ArangoDB query very slow

512 views
Skip to first unread message

Nicolas Clairon

unread,
Jun 24, 2013, 5:44:45 AM6/24/13
to aran...@googlegroups.com
Hi,

I'm digging a little deeper with ArangoDB and I find out that quering is very slow, even with indexes:

here's the data ~30 000 documents:

  "_id" : "publications/51773704315", 
  "_rev" : "51773704315", 
  "_key" : "51773704315", 
  "Pmid" : 11425574, 
  "author" : 43438, 
  "lel_is_del" : 0, 
  "lel_validation" : 1, 
  "lib_id" : 15033, 
  "volume" : 9, 
  "lang" : "en", 
  "pagination" : "1731-8", 
  "lel_summary" : "As a part of our ongoing work on beta-L-nucleoside analogues as potential antiviral drugs, we have synthesized 5-(trifluoromethyl)-beta-L-2'-deoxyuridine (L-TFT), the hitherto unknown L-enantiomer of trifluorothymidine (CF(3)dUrd, TFT). We have also studied the effect of L-TFT on human and herpes simplex virus (HSV) type 1 and 2 thymidine kinases, and human thymidine phosphorylase, as well as its anti-HSV-1 and anti-HSV-2 activities in cell cultures. L-TFT has been found: (i) to inhibit HSV-1 TK with activity comparable to TFT, with no effect on human TK, (ii) to be phosphorylated by the viral enzyme with similar efficiency to TFT, (iii) to be resistant, in contrast to TFT, to hydrolysis by human thymidine phosphorylase. Unfortunately, when evaluated in cell cultures, L-TFT did not show any anti-HSV-1 and anti-HSV-2 activities.", 
  "lel_title" : "5-(Trifluoromethyl)-beta-l-2'-deoxyuridine, the L-enantiomer of trifluorothymidine: stereospecific synthesis and antiherpetic evaluations.", 
  "lib_date" : "0000-00-00", 
  "paysJournal" : "England", 
  "titrejournal" : "Bioorganic & medicinal chemistry" 
}

I want all the documents which have "lang" as "en":

arangosh> db.publications.byExample({lang: "en"}).next()
  "_id" : "publications/51773704315", 
  "_rev" : "51773704315", 
  "_key" : "51773704315", 
  "Pmid" : 11425574, 
  "author" : 43438, 
  "lel_is_del" : 0, 
  "lel_validation" : 1, 
  "lib_id" : 15033, 
  "volume" : 9, 
  "lang" : "en", 
  "pagination" : "1731-8", 
  "lel_summary" : "As a part of our ongoing work on beta-L-nucleoside analogues as potential antiviral drugs, we have synthesized 5-(trifluoromethyl)-beta-L-2'-deoxyuridine (L-TFT), the hitherto unknown L-enantiomer of trifluorothymidine (CF(3)dUrd, TFT). We have also studied the effect of L-TFT on human and herpes simplex virus (HSV) type 1 and 2 thymidine kinases, and human thymidine phosphorylase, as well as its anti-HSV-1 and anti-HSV-2 activities in cell cultures. L-TFT has been found: (i) to inhibit HSV-1 TK with activity comparable to TFT, with no effect on human TK, (ii) to be phosphorylated by the viral enzyme with similar efficiency to TFT, (iii) to be resistant, in contrast to TFT, to hydrolysis by human thymidine phosphorylase. Unfortunately, when evaluated in cell cultures, L-TFT did not show any anti-HSV-1 and anti-HSV-2 activities.", 
  "lel_title" : "5-(Trifluoromethyl)-beta-l-2'-deoxyuridine, the L-enantiomer of trifluorothymidine: stereospecific synthesis and antiherpetic evaluations.", 
  "lib_date" : "0000-00-00", 
  "paysJournal" : "England", 
  "titrejournal" : "Bioorganic & medicinal chemistry" 
}

It took 6 seconds to have the results.

Idem with AQL:

arangosh> db._createStatement({query: "FOR pub IN publications FILTER pub.lang == 'en' RETURN pub"}).execute().next()

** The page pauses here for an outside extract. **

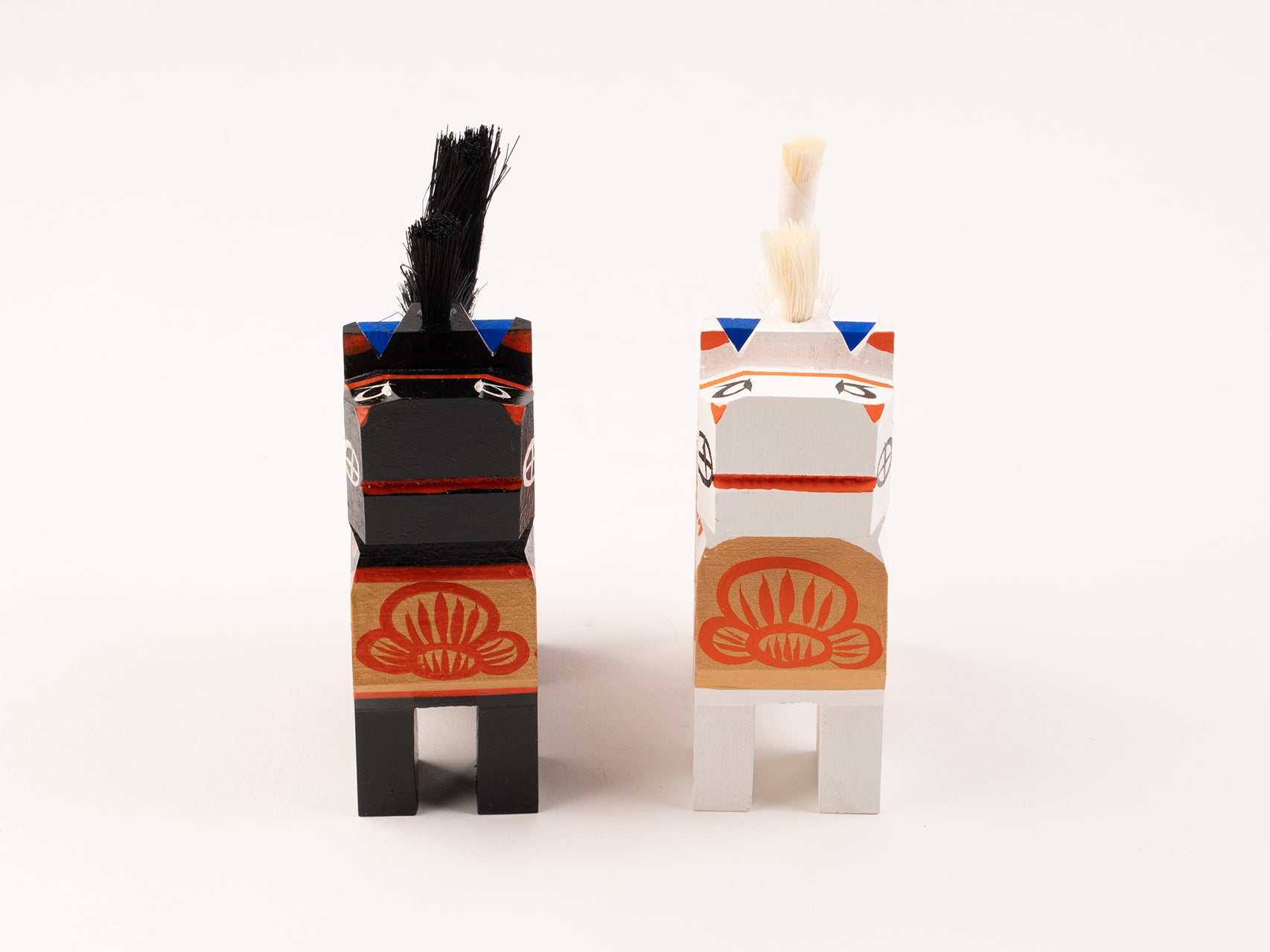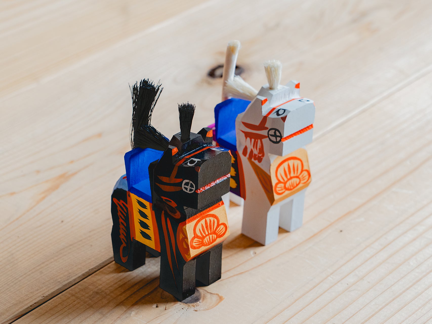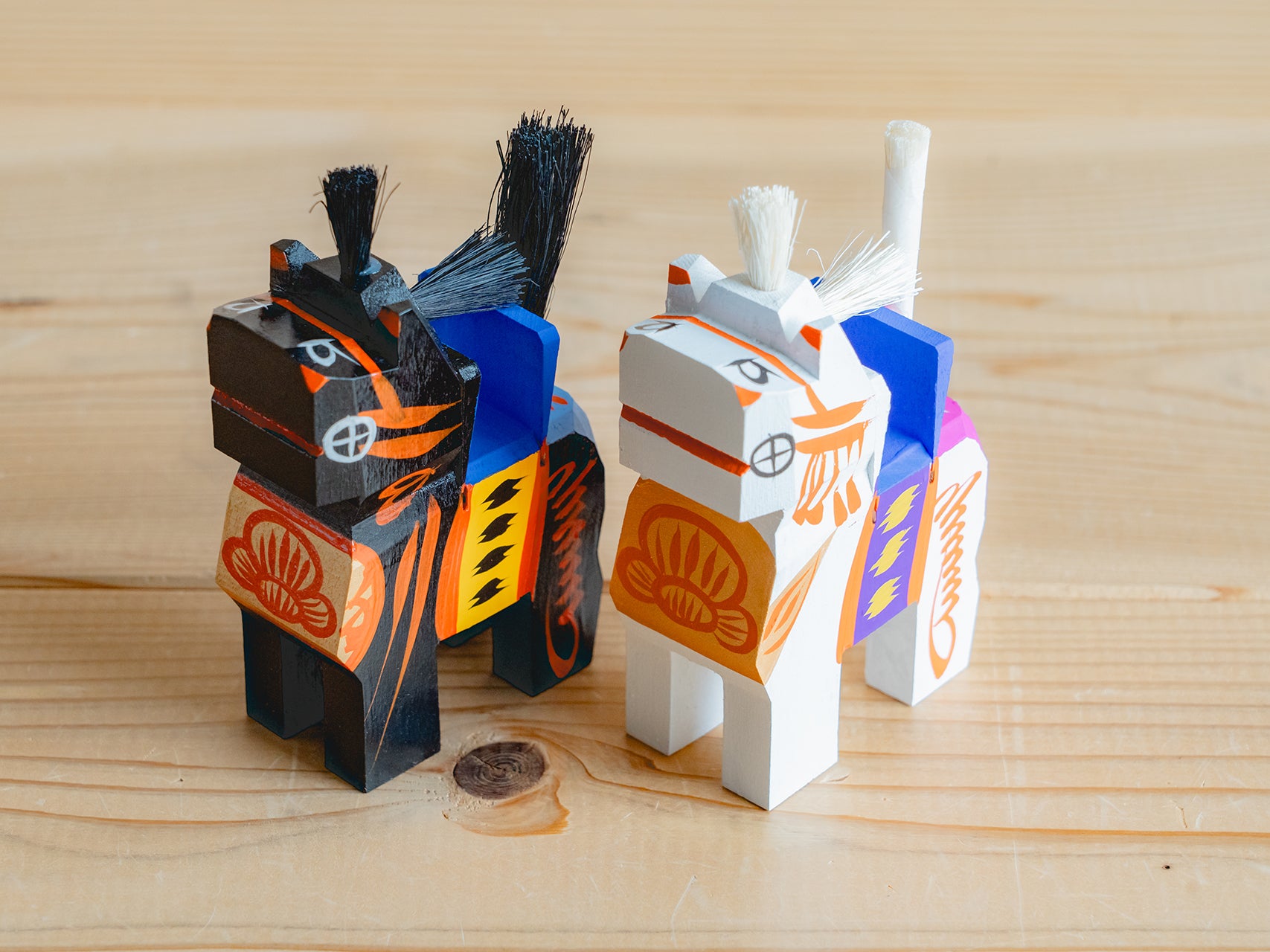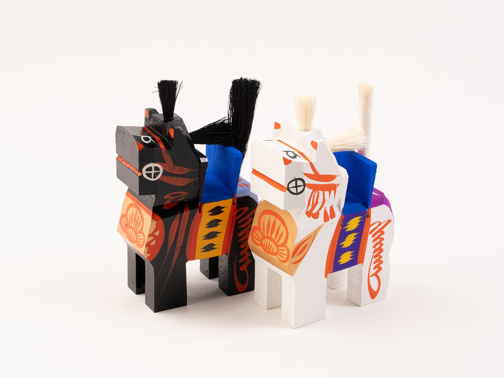 福島県は江戸時代より、全国的に有名な馬の産地となりました。そしてこの馬をモチーフに作られはじめたのが郷土玩具の三春駒(みはるごま)です。黒色が子供のお守り、白色がお年寄りのお守りと言われる縁起物です。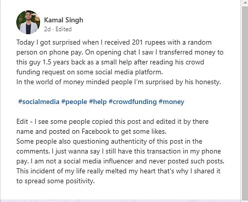 கமல் சிங் என்பவர் பொறியாளராகப் பணியாற்றி வருகிறார். அவருடைய வங்கி கணக்குக்கு முகம் தெரியாத நபரிடமிருந்து ரூ.201 போன்பே மூலம் வந்திருப்பதாக ஒரு மெசேஜ் வந்திருக்கிறது.அவர் தற்செயலாக யாரிடமிருந்து பணம் வந்திருக்கிறது என்பதை தெரிந்து கொள்ள தன்னுடைய போன்பே-வை பார்த்திருக்கிறார். அப்போது ஒரு நபர் ஒன்றரை ஆண்டுகளுக்கு முன்பு தன்னுடைய தாயின் சிகிச்சைக்காக சமூக வலைதளங்களின் மூலம் நிதி திரட்டியிருக்கிறார்.

(6 seconds to have the results)

I even can't have the number of documents which have lang == "en":

arangosh> db.publications.byExample({lang: "en"}).count()
null

I made an HashIndex on the "lang" field but it is not faster:

arangosh> db.publications.getIndexes()
  { 
    "id" : "publications/0", 
    "type" : "primary", 
    "unique" : true, 
    "fields" : [ 
      "_id" 
    ] 
  }, 
  { 
    "id" : "publications/59863074939", 
    "type" : "fulltext", 
    "unique" : false, 
    "minLength" : 2, 
    "fields" : [ 
      "lel_summary" 
    ] 
  }, 
  { 
    "id" : "publications/59868121211", 
    "type" : "hash", 
    "unique" : false, 
    "fields" : [ 
      "lang" 
    ] 
  } 
]

Where I have wrong ? What do I have to do to have the number of publications in english language ?

Thanks for the help

Jan Steemann

unread,
Jun 24, 2013, 6:11:05 AM6/24/13
to aran...@googlegroups.com, Nicolas Clairon
It may be a problem with the total data size of the results.
The queries will construct a full result set and may return all the
documents which match, even if you only want to access the first one (as
you did in the examples). The results will contain the FULL documents,
with all the attributes.

I am not sure how the data is distributed, but when I execute the query
here with the example data from last time, the result set gets very big.
Approx. 17,000 documents are returned, along with all their attribute
data. The server needs to allocate a lot of memory for these result sets
and needs to package them into JSON, which the client must unpack. This
takes a lot of processing time and memory.

If you can avoid constructing the full documents, you should try to do
that. For example, instead of running this query

> arangosh> db._createStatement({query: "FOR pub IN publications FILTER
> pub.lang == 'en' RETURN pub"}).execute().next()

you may save a lot of time by running it like this:

> arangosh> db._createStatement({query: "FOR pub IN publications FILTER
> pub.lang == 'en' RETURN pub._id"}).execute().next()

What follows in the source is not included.